Alabama settles lawsuit with Alan Miller after failed execution attempt, records show

The Alabama Attorney General’s Office is trying to settle a federal lawsuit brought by Alan Eugene Miller, who alleges he spent more than 90 minutes being stabbed with needles on the night he was scheduled to be executed.

According to court filings filed Tuesday, the AG’s office asked US District Judge Austin Huffaker Jr. to hold off asking the state to release the names of the execution team members. The motion asked the judge to delay the release of those names “because the parties are in settlement negotiations and have agreed to a one-week stay of discovery while the parties work on settlement terms.” The judge granted the request and extended the deadline for the list of names to November 29.

Details of the settlement talks were not disclosed.

Huffaker ruled last week that Miller’s attorneys needed to know the names of execution team members in order to investigate their qualifications and backgrounds. He ordered that certain parts of the state’s execution record and names would be available “for the eyes of lawyers only” and not to the public or the media.

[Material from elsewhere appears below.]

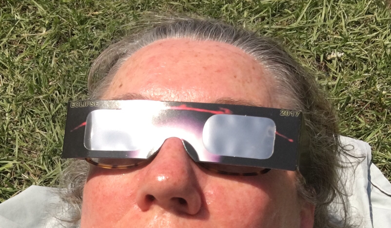 And then it started. Wearing our glasses that looked like we were from a 50s 3D movie, we watched as the first dark sliver appeared. The glasses block out everything else, so all you can see is a sharp gold ball, with an ever growing black bite getting taken out of it. It was great just to focus on that, and try to forget about lying on the ground in the sun’s heat. The clouds came and went. When a cloud blocked the sun, we cooled off in the car. But then I started enjoying watching the way the glasses made everything blank, and then the gold ball would peek through the darkness as the cloud passed by. While the eclipse was already an immense gift, this slow uncovering of the partially eaten gold ball made the experience even more dear. This might be all I was going to get, so I sweated, watched, and decided whatever sunscreen was left on me would have to do.

Attorneys for the AG’s office were opposed to even disclosing the names to Miller’s attorneys because disclosure could endanger members of the execution team.

Miller was scheduled to die by lethal injection on September 22 at the William C. Holman Correctional Facility in Atmore — the state’s only prison with an execution chamber.

Read more: Alabama halts execution of Alan Eugene Miller citing time constraints and vein access

His execution was scheduled for 6:00 p.m., but the US Supreme Court did not clear the way for the trial to begin until just after 9:00 p.m. The Supreme Court ruling gave the state nearly three hours to carry out the execution before the death sentence expired. But the state canceled it about half an hour before midnight, citing problems accessing Miller’s veins for the IV line needed to deliver the deadly drugs.

“Due to time constraints that caused the trial to be delayed, the execution was halted after it was determined that the convict’s veins were inaccessible under our protocol prior to the expiration of the death sentence,” Alabama Justice Department Commissioner John Hamm said in this night.

Hamm didn’t elaborate on what was done during the three hours, but Miller’s attorneys said in a later court filing that prison officials pricked him for 90 minutes looking for veins. Miller identified the workers by the colors of the medical gowns they wore because they didn’t tell him their names.

Miller, 57, was scheduled to be executed for his Aug. 5, 1999 shooting spree that left three men dead at two Shelby County stores.

His lawsuit was originally based on his claims that he chose execution by nitrogen hypoxia over lethal injection when Alabama’s death row inmates could make that choice in 2018. Huffaker heard testimonies about this and ruled before the scheduled execution on September 22 that Miller’s claim was credible. The judge issued an injunction preventing Alabama from executing Miller by anything other than nitrogen hypoxia. The state has not developed a way to use the nitrogen hypoxia method, which the legislature has approved but which no state has ever used. This injunction was upheld by the 11th US Circuit Court of Appeals, but was overturned by the US Supreme Court.